Kemudian lambat laun pengertian ini berubah, bahwa etika adalah
suatu ilmu yang mebicarakan masalah perbuatan atau tingkah laku manusia, mana
yang dapat dinilai baik dan mana yang dapat dinilai tidak baik.
Etika
juga disebut ilmu normative, maka
dengan sendirinya berisi ketentuan-ketentuan (norma-norma) dan nilai-nilai yang
dapat digunakan dalam kehidupan sehari-hari.
Dalam
kamus besar bahasa Indonesia terbitan Departemen Pendidikan dan
Kebudayaan (1988), etika dirumuskan dalam tiga arti, yaitu;
1.
Ilmu
tentang apa yang baik dan apa yang buruk dan tentang hak dan kewajiban moral
(akhlak).
2. Kumpulan
asas atau nilai yang berkenaan dengan akhlak.
3.
Nilai mengenai benar dan salah yang dianut suatu golongan atau masyarakat.
1.2
Tujuan
Adapun
maksud dan tujuan dari penulisan paper ini adalah untuk mengetahui dan
pengertian etika baik dari sudut pandang secara teori maupun dari sudut pandang
agama.
BAB II
PEMBAHASAN
1.1 Pengertian Etika
A.
Pengertian
Etika Secara Teoritis
Etika adalah suatu ajaran yang
berbicara tentang baik dan buruknya yang menjadi ukuran baik buruknya atau
dengan istilah lain ajaran tenatang kebaikan dan keburukan, yang menyangkut
peri kehidupan manusia dalam hubungannya dengan Tuhan, sesama manusia, dan
alam.
Dari segi etimologi, etika berasal dari bahasa Yunani,ethos
yang berarti watak kesusilaan atau adat.
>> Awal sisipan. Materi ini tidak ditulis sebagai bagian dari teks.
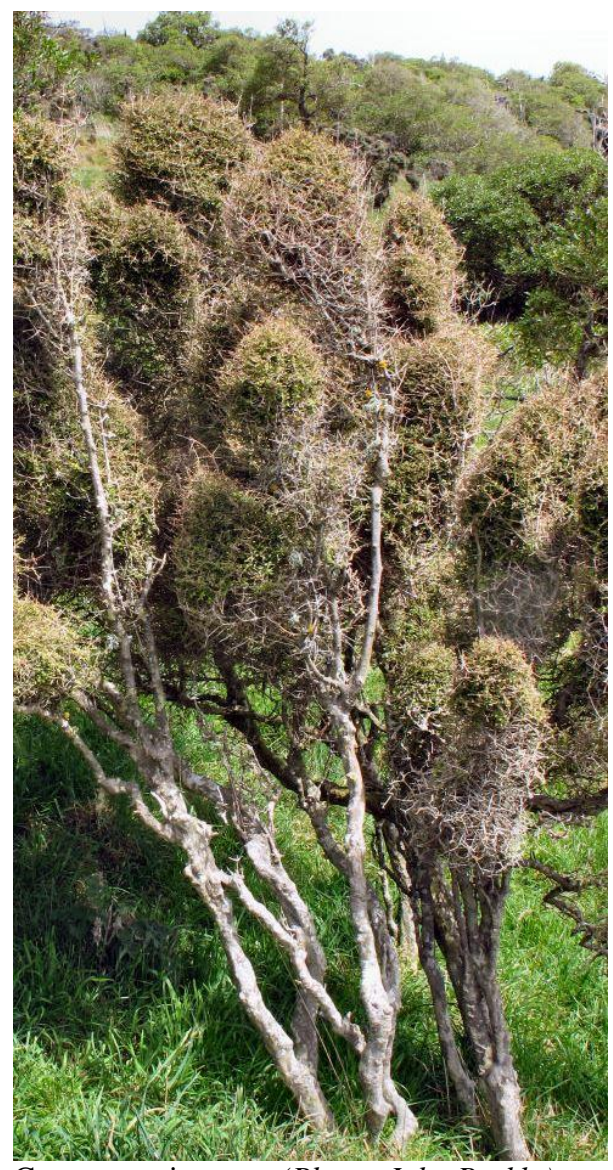
Coprosma virescens

Dalam kamus umum bahasa Indonesia,
etika diartikan ilmu pengetahuan tentang azaz-azaz akhlak (moral). Dari
pengertian kebahasaan ini terlihat bahwa etika berhubungan dengan upaya
menentukan tingkah laku manusia.
Adapun arti etika dari segi istilah, telah dikemukakan para
ahli dengan ungkapan yang berbeda-beda sesuai dengan sudut pandangnya. Menurut
para ulama’ etika adalah ilmu yang menjelaskan arti baik dan buruk, menerangkan
apa yang seharusnya dilakukan oleh manusia, menyatakan tujuan yang harus dituju
oleh manusia di dalam perbuatan mereka dan menunjukkan jalan untuk melakukan
apa yang seharusnya diperbuat.
Sebagai cabang pemikiran filsafat, etika bisa dibedakan
manjadi dua: obyektivisme dan subyektivisme.
1.
Obyektivisme
Berpandangan bahwa nilai kebaikan suatu tindakan bersifat
obyektif, terletak pada substansi tindakan itu sendiri. Faham ini melahirkan
apa yang disebut faham rasionalisme dalam etika. Suatu tindakan disebut baik,
kata faham ini, bukan karena kita senang melakukannya, atau karena sejalan
dengan kehendak masyarakat, melainkan semata keputusan rasionalisme universal
yang mendesak kita untuk berbuat begitu.
2.
Subyektivisme
Berpandangan bahwa suatu tindakan disebut baik manakala
sejalan dengan kehendak atau pertimbangan subyek tertentu. Subyek disini bisa
saja berupa subyektifisme kolektif, yaitu masyarakat, atau bisa saja subyek
Tuhan.
B.
Etika Dibagi Atas Dua Macam
1.
Etika deskriptif
Etika yang berbicara mengenai suatu fakta yaitu tentang
nilai dan pola perilaku manusia terkait dengan situasi dan realitas yang membudaya
dalam kehidupan masyarakat.
2.
Etika Normatif
Etika yang memberikan penilaian serta himbauan kepada
manusia tentang bagaimana harus bertindak sesuai norma yang berlaku. Mengenai
norma norma yang menuntun tingkah laku manusia dalam kehidupan sehari hari.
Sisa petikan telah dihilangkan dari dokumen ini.